Mary Shelley's Frankenstein also
uses this device. In the novel, Robert
Walton writes letters to his sister and describes the story of a creature as told
to him by Victor Frankenstein. So there is one story of Walton, and another story
featuring the creature, as recounted by Frankenstein. There is even another
further story within it of the creature living with a family for a short time.
So Shelley managed to frame three stories within one, often knows as nested
narratives.
In
the novel Moby Dick, Herman Melville uses chapter 54 of the book to show
Ishmael – the narrator of the book - telling an exciting story of mutiny on the
sea.
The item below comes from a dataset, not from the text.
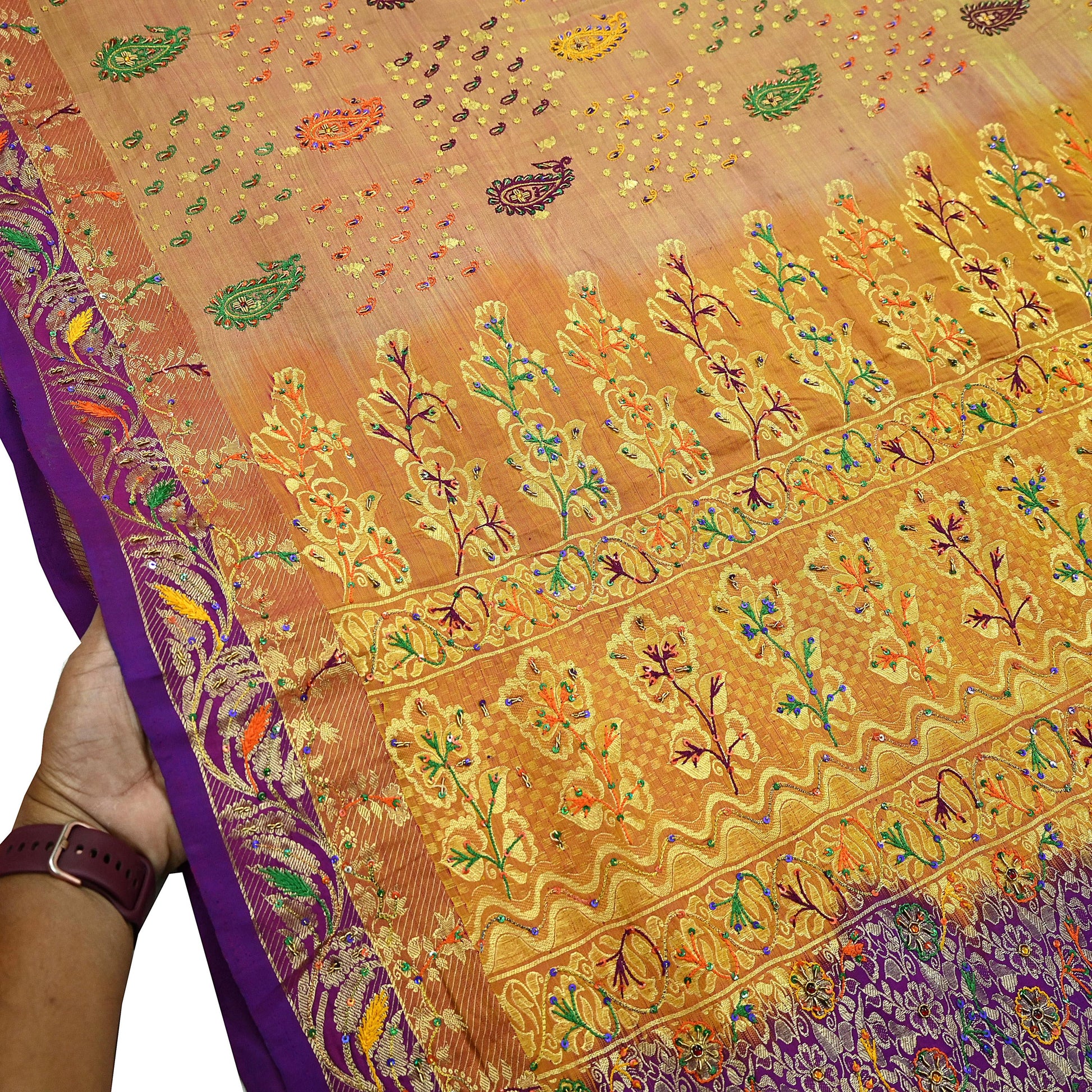 Indian Vintage Kanjivaram Saree | Heavy Hand Embroidered Pure Silk | Purple & Saffron Bridal Fabric | 5 Yards Dress Making Bollywood Sarees

It was a short story within the main story, which contained elements of
the main story, but it was used primarily to show characterisation - Ishmael’s intelligent,
beguiling orator.
Having a character tell a story to
another character is quite common, and a good way to characterise because the
author can show the reader the way the character converses with others, how he
or she interacts and how others react to him or her, which reveal little
personality traits. It also allows the writer to reveal background information
or foreshadow events that will happen in the main story.
Let’s say you have the
protagonist of the story who is recounting a tale to a journalist who is investigating
a terrible murder that happened thirty years earlier. The focus of the tale is
another character – the suspect – that the protagonist talks about. The story about the murderer is the framed
story, or the story that is contained within a story.
How could this be written? It could be a third person POV, where it
centres on the protagonist's viewpoint. He tells her about the murderer, and begins
to tell the journalist what happened. This establishes the main plot and
introduces the characters. Then the framed story can begin with a new chapter,
which takes place thirty years previously and brings the murderer in as the
main character, with his viewpoint. The story then continues as he goes about his
crimes, which can then be interjected with chapters from the present day (the
main story) with the protagonist and journalist.
That’s a simple example of how a
story within a story works. One story occurs within the main story, but in this
example, they’re related. One took place in the past, while the other takes
place in the present.
Writing a framed story takes a
little bit of planning to ensure that the story you want within the main story
actually works. The best way to understand the concept is to read books that
feature this. That way you can recognise interior and exterior stories, you can
see how the author has developed and created them – whether that’s by using the
narrator technique or by using character perspectives such as Robert Walton in
Shelley’s Frankenstein, and you can see how often they switch between the two
stories.
The best way to write is to read
as many different novels as you can. That way you’ll learn the different
techniques and literary devices and incorporate them in your own stories.